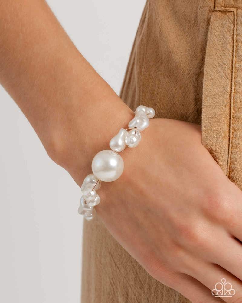 Infused along a trio of dainty copper wires, a collection of classic and baroque white pearls in varying sizes coalesce around the collar, leading the eye to an oversized round white pearl for an opulent, refined display. Features an adjustable clasp closure. Infused along a trio of dainty copper wires, a collection of classic and baroque white pearls in varying sizes coalesce around the wrist, leading the eye to an oversized round white pearl for an opulent, refined centerpiece. Features an adjustable clasp closure.
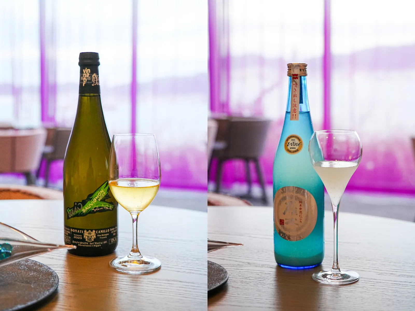 合わせるのは、ソムリエがセレクトしたペアリングワイン。 一皿に合わせ一杯、料理の個性に合わせ選んだ特別なワインが楽しめます。(別途有料)
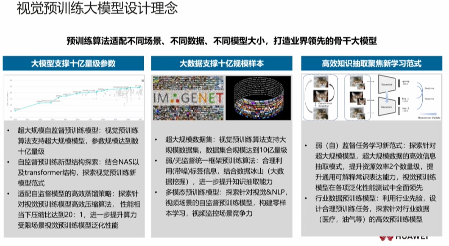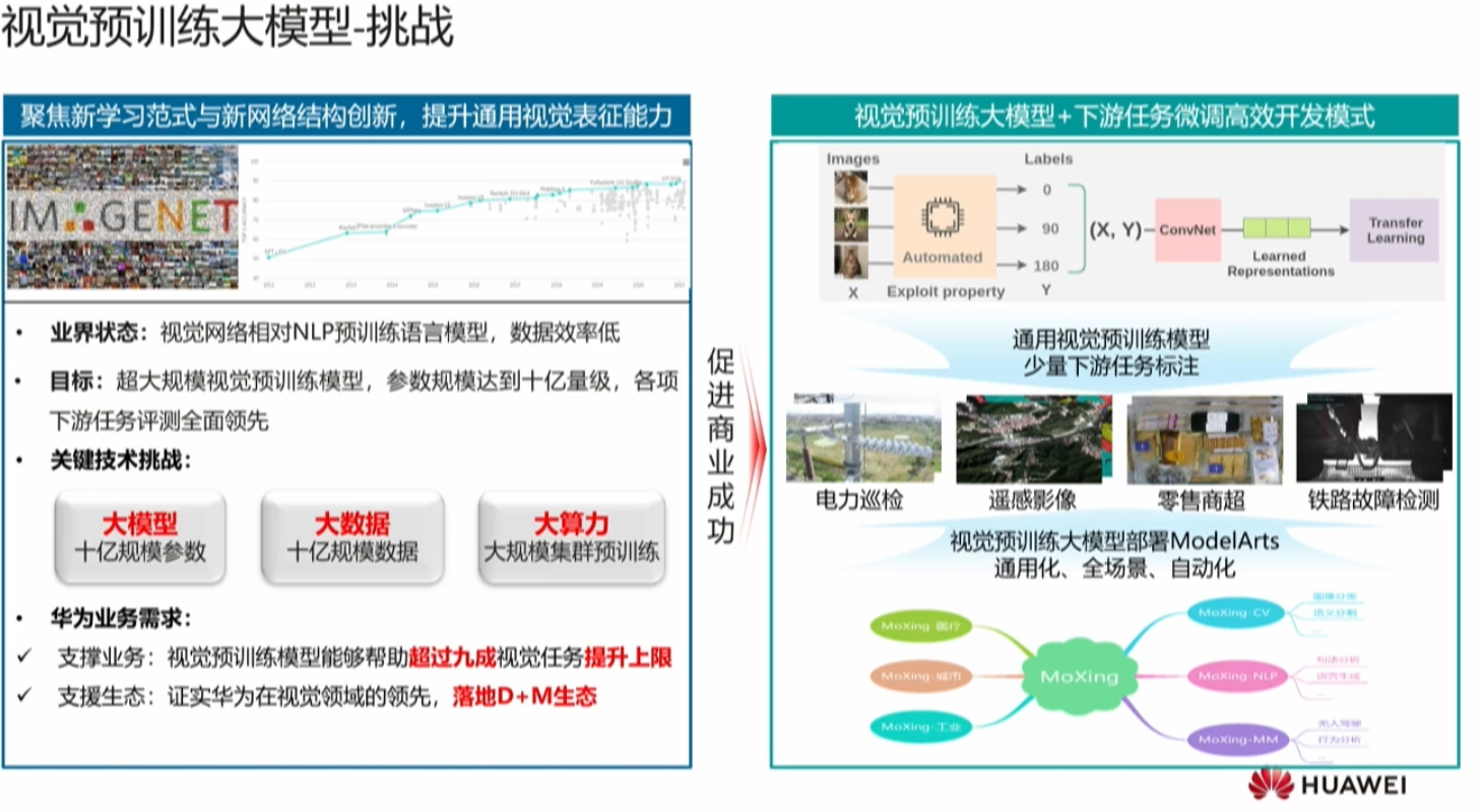 愿景,使用一种通用的视觉预训练模型,一旦训练完成,在下游更新迭代的算力要求可以承受,许多场景在较小数据标注,在更快的迭代周期获得更好的性能,甚至在某些场景不需要进行适配就可以获得更好的结果。

§

TASK DIRECTIONS:
What you hand back should match the listing exactly, except that no pictures appear.

RESPONSE TO THIS TASK:
 Infused along a trio of dainty copper wires, a collection of classic and baroque white pearls in varying sizes coalesce around the collar, leading the eye to an oversized round white pearl for an opulent, refined display. Features an adjustable clasp closure. Infused along a trio of dainty copper wires, a collection of classic and baroque white pearls in varying sizes coalesce around the wrist, leading the eye to an oversized round white pearl for an opulent, refined centerpiece. Features an adjustable clasp closure.
 合わせるのは、ソムリエがセレクトしたペアリングワイン。 一皿に合わせ一杯、料理の個性に合わせ選んだ特別なワインが楽しめます。(別途有料)
 愿景,使用一种通用的视觉预训练模型,一旦训练完成,在下游更新迭代的算力要求可以承受,许多场景在较小数据标注,在更快的迭代周期获得更好的性能,甚至在某些场景不需要进行适配就可以获得更好的结果。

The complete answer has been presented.